No wonder the people of Kysalimri are so scared.

Hrash tried to assuage her guilt. “Most are very tiny, felt only in a small corner of our vast city. Still, a pattern has slowly emerged. One that has been recorded in the past.”

He nodded to Magritte. The hieromonk carefully unrolled a yellowed scroll, cracked at its edges, with ink that had faded to wispy lines. Magritte held it open, fighting as the parchment’s age tried to reroll it, as if to hide what was revealed.

Again, it was a map of the city, one more crudely sketched. Upon it were drawn similar circles and notations. Even Aalia could recognize they roughly mirrored what had been freshly inked on Laugyn’s chart.

“That ancient map comes from the seventeenth imperial dynasty,” Hrash explained. “From the rule of Emperor Gaius.”

Aalia flinched. “No… you can’t be suggesting…”

She shook her head, refusing to believe this. Still, she understood why Hrash had been so desperate to reach her. The reign of that emperor was known for one ghastly event, a tragedy so catastrophic that its pain echoed down through history. Scars still remained of that event, etched across the face of the Eternal City.

“The Cataclysm of Gaius,” Aalia whispered.

Two millennia ago, a massive quake had shattered the city, opening vast chasms, lifting some sections, dropping others, toppling towers like a storm through saplings. Hundreds of thousands had died in the first quake, more from the tremors that followed. It had altered the shape of the Bay of the Blessed and cast huge waves that drowned a quarter of the city.

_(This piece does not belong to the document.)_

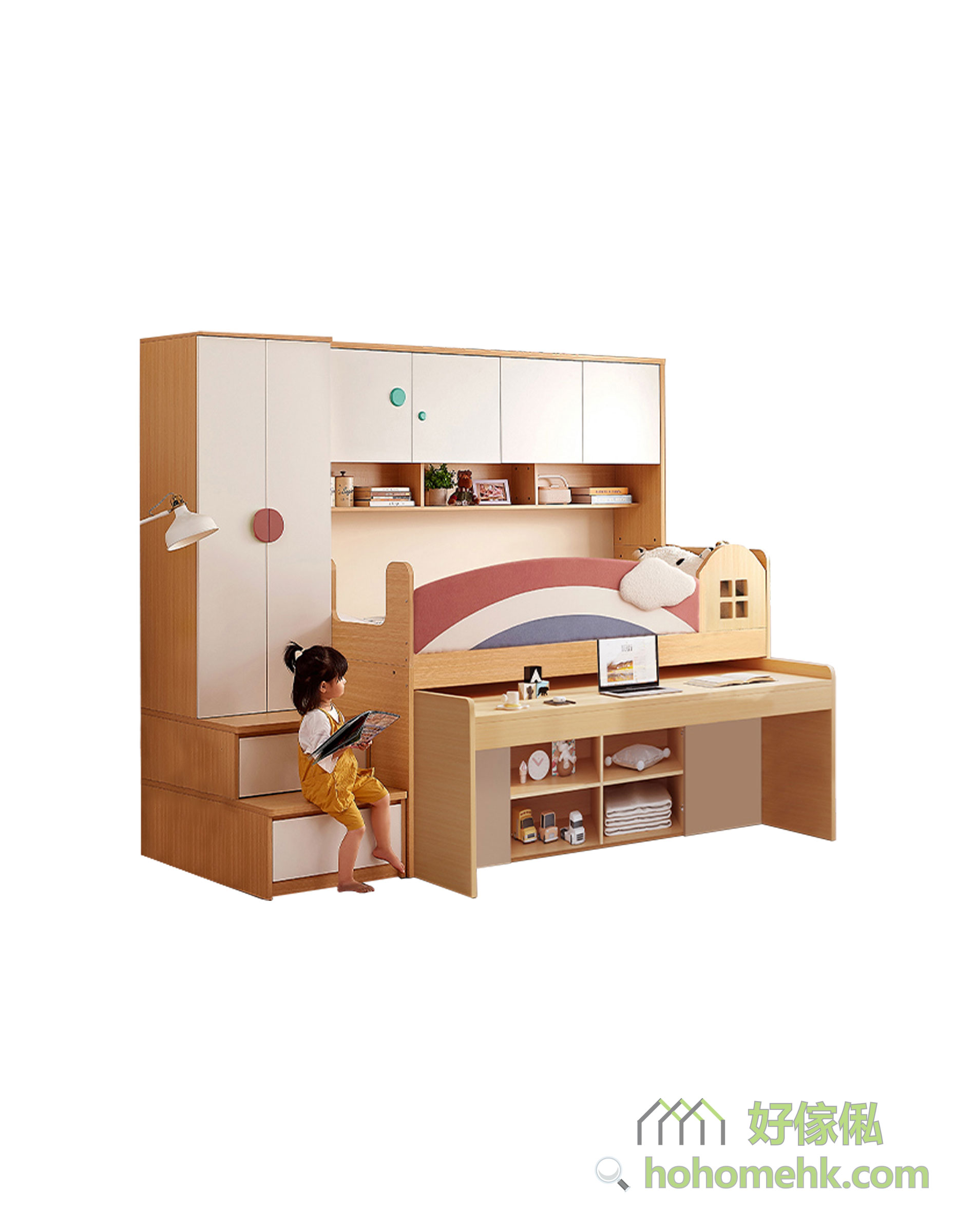 Riley儿童半高床带衣柜书枱组合,细单位必备家私,让小朋友有自己嘅独立空间

Aalia challenged Hrash. “You think the pattern of our quakes portends another cataclysm?”

The Chaaen looked to his companions, then faced her. “We do.”

Aalia glanced to the Eye of the Hidden. His face looked dour, his lips drawn into tight lines. All knew the fate of Emperor Gaius. The tragedy had been blamed on Gaius’s rule. In retribution, the populace rose up. The emperor had been gutted in his throne room, as was every one of his bloodline. Their entrails were strewn to thirty-three pyres, where they were burned as offerings to the Klashean pantheon. Thus ended the seventeenth imperial dynasty and heralded the eighteenth, giving rise to a new bloodline, one that distantly traced to her own.

Worried about the similar rumblings of her own people, Aalia returned her attention to Hrash. “If you’re right, when might this happen?”

The Chaaen frowned at the old map. “According to historical records, the pattern in the past was slow in building. It took a decade for whatever tension was accruing to finally break forth and tear the land asunder.”

“And what about now?” Aalia pressed him.

“The moon’s pull. The worrisome rate of its crimson blushing as it draws closer. It’s all building the same pattern much faster.” Hrash winced at the two Chaaen. “We’ve done many calculations, leaning upon the resources of Bad’i Chaa, consulting with those we most trust, both for their knowledge and discretion.”

“When?” Aalia stood up again. “When might this happen? A year? A month?”

Hrash looked down. “You won’t have a month.”

Aalia stared hard at him. “Then when?”

Hrash lifted his gaze, which shone with certainty. “Anytime now.”